Leture 1: The Learning Problem The learning problem - Outline

• Example of machine learning
• Components of Learning
• A simple model
• Types of learning
• Puzzle

Example: Predicting how a viewer will rate a movie

• 10% improvement = 1 million dollar prize, 这是机器学习的商业价值, 一点小小的调优, 可以更合理的分配资源, 提升效率, 得到巨大经济利益.
• The essence of machine learning:
• A pattern exists. 机器学习如果要成立, 模式/规律必须存在, 完全随机无学习可言
• We cannot pin it down mathematically. 人类无法找到数学规律, 需要借助计算机强大的计算能力, 和模式识别能力, 来帮助人类找到模型.
• We have data on it. 机器学习其实是从数据中学习, 或者转化成数字, 进行处理.

Movie rating - a solution

• viewer: like movies? / like action? / prefers blockbusters?… likes Tom Cruise?
• movie: comedy content / action content / blockbusters? … Tom Cruise in it?
• 结合 viewer 和 movie 的特征, 建立学习算法, 得到评价分数

Components of learning

• Formalization:
• Input: X (customer application)
• Target function: f: X -> y (ideal credit approval formula)
• Data: $(x_1, y_1), (x_2, y_2), … , (x_n, y_n)$ (historical records)
• Hypothesis: g: X -> y (formula to be used)
• Solution components
• The 2 solution components of the learning problem:
• The Hypothesis Set
• The Learning Algorithm
• Together, they are referred to as the learning model.

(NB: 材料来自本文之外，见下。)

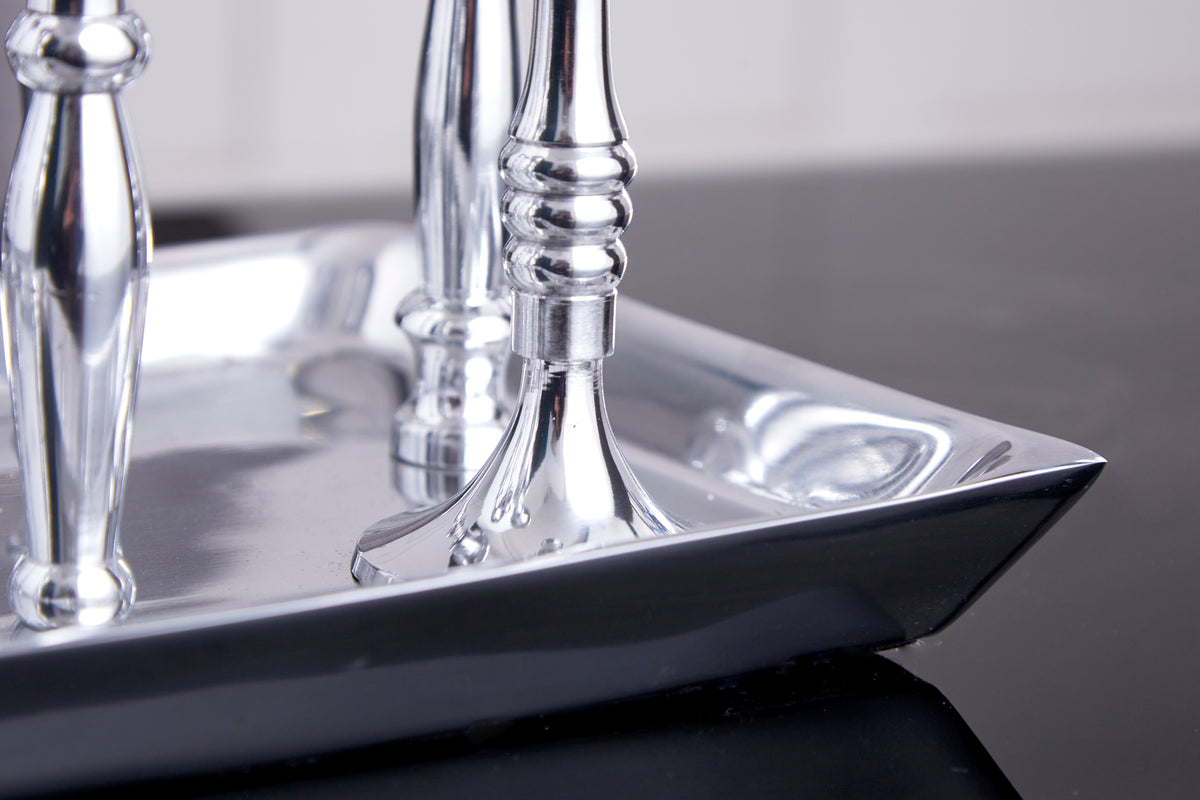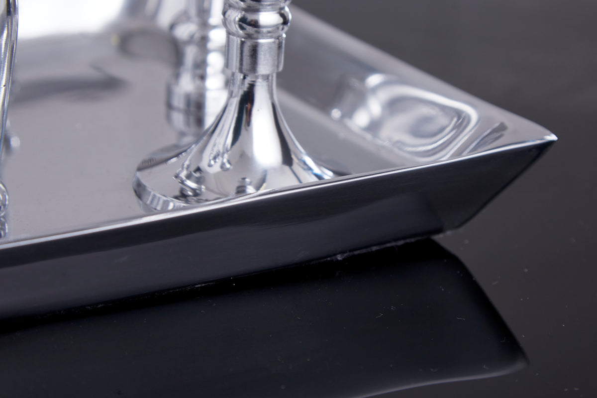 Die Kerzen werden angezündet, leise spielt die Musik und wohltuende Düfte strömen aus. Es sind die kleinen Dinge im Leben, die Freude bringen und Momente voll schöner Erinnerungen schaffen. Der Kerzenständer mit sieben Elementen und eleganten Tablett passt in dieses wundervolle Bild. Ein modernes Design im klassischen Stil, elegant und silberfarben poliert ist jedes Stück ein Unikat.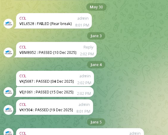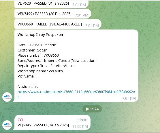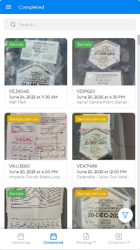 Runner Puspakom untuk syarikat (Company) Kami menyediakan kemudahan untuk pihak syarikat menguruskan kenderaan mereka Hubungi Kami Kelebihan yang kami tawarkan Sistem yang teratur dan sistematik Merekodkan sistem automasi Update Pantas dan harian Pemeriksaan Sebelum ke puspakom Peringatan untuk Tarikh pemeriksaan Dipercayai Oleh Pelbagai Syarikat Jangan tunggu kerana kami menawarkan pelbagai kaedah pembayaran Learn More © All Rights Reserved.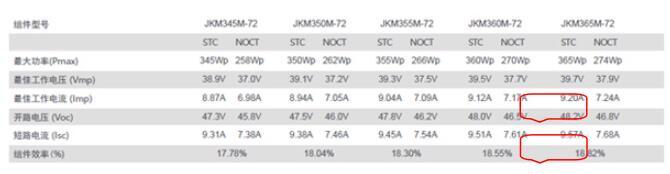 實際上,要理解這些并不難,較之常規(guī)多晶單晶組件,雙面組件的峰值功率電流及短路電流都有很大提升。為證明這一結(jié)論,我們不妨截取代表性組件企業(yè)主流功率段單晶組件(60片)的性能參數(shù)來看: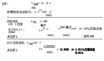 下面的示例將DMM?的電壓負(fù)擔(dān)誤差與 6514?的誤差進(jìn)行了比較。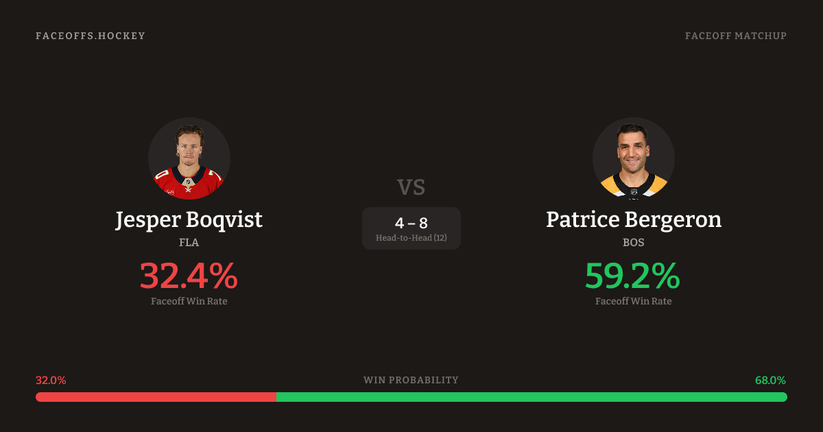 Patrice Bergeron holds a +24.6% FO% edge overall. Look for Bergeron on defensive-zone draws (60% H2H, 5 meetings). Boqvist wins 32.3% vs right-shot opponents — Bergeron shoots right.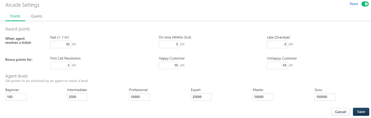 Sau khi bạn thiết lập các quy tắc game hóa theo sở thích của mình, Freshdesk sẽ bắt đầu theo dõi dữ liệu cần thiết dựa trên tiêu chí mà bạn đặt ra. Bạn không cần phải làm gì khác ngoài việc thiết lập hệ thống. Nhân viên nhận được điểm hoặc huy hiệu khi đáp ứng các điều kiện nhất định – mọi thứ đều được thực hiện tự động.
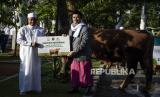 Wakil Gubernur Jawa Barat Uu Ruzhanul Ulum (kiri) memberikan hewan kurban kepada perwakilan DKM Masjid Raya Bandung usai pelaksanaan Shalat Idul Adha 1443 H di Jalan Diponegoro, Kota Bandung, Ahad (10/7/2022). Pemerintah Provinsi Jawa Barat menggelar Shalat Idul Adha 1443 H dengan sedikitnya terdata 86 ribu titik baik di masjid maupun di lapangan di seluruh Jawa Barat. (FOTO : REPUBLIKA/ABDAN SYAKURA)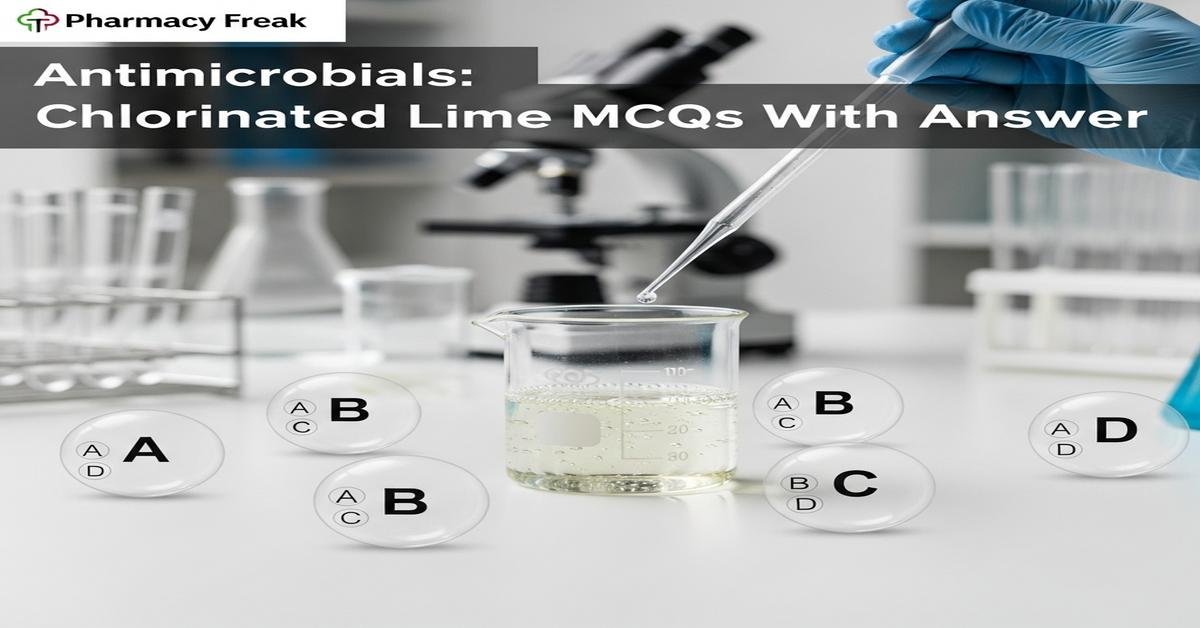 Introduction: Chlorinated lime (bleaching powder, calcium hypochlorite) is a widely used antimicrobial disinfectant in pharmaceutical and public health settings. B.Pharm students must understand its chemistry, spectrum of activity, mechanism of action through free chlorine release, methods of preparation, stability issues, standardization, and safe handling. Key topics include appropriate concentrations for surface and water disinfection, effects of organic matter, neutralization, and limitations such as corrosiveness and inactivation. This concise overview links theory to practical pharmacy applications, quality control tests, and regulatory considerations to prepare students for exams and lab work. Study focus: pharmacopoeial standards, assay methods, and environmental safety. Now let’s test your knowledge with 50 MCQs on this topic.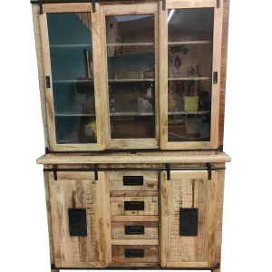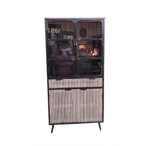 MEUBLE HAUT VITRINE MANGUIER ET METAL 2 PORTES VITREES 2 PORTES 90 X 40 X 180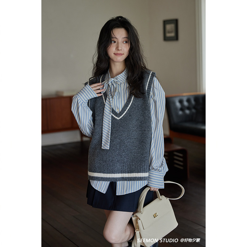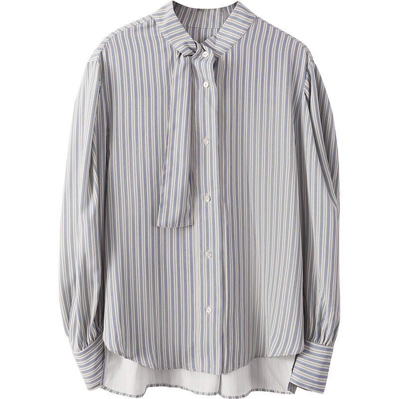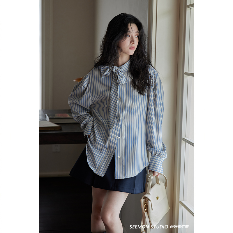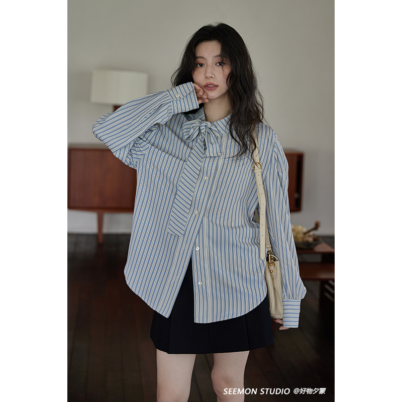 夕蒙2025新款秋长袖设计感小众法式别致系带条纹衬衫上衣外套女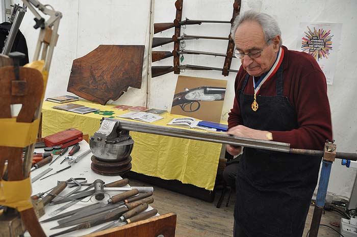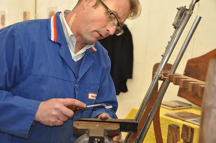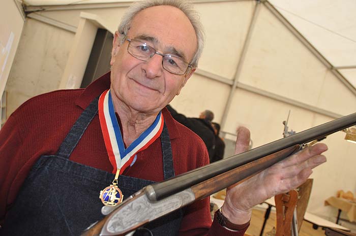 C’est avec bonheur qu’il réalise pendant trois jours des démonstrations devant le public: façonnage de pontet, gravure… «Je ne fabrique que 5 à 6 armes par an. Autrefois tous les fusils étaient réalisés à la main, à présent ils sont entièrement redessinés pour être fabriqués à la machine. Les armes que je fabrique sont destinées à une clientèle particulière de ma région, des chasseurs de bécasses, un gibier noble»

A simple hypothesis set - the ‘perceptron’

• For input $X = (x_1, … , x_d)$ ‘attributes of a customer’
• Approve credit if $\sum_{i=1}^{d}w_ix_i$ > threshold,
• Deny credit if $\sum_{i=1}^{d}w_ix_i$ < threshold.
• This linear formula $h \in H$ can be written as
• h(x) = sign(($\sum_{i=1}^{d}w_ix_i$) - threshold)

Types of learning

Basic premise of learning

“using a set of observations to uncover an underlying process”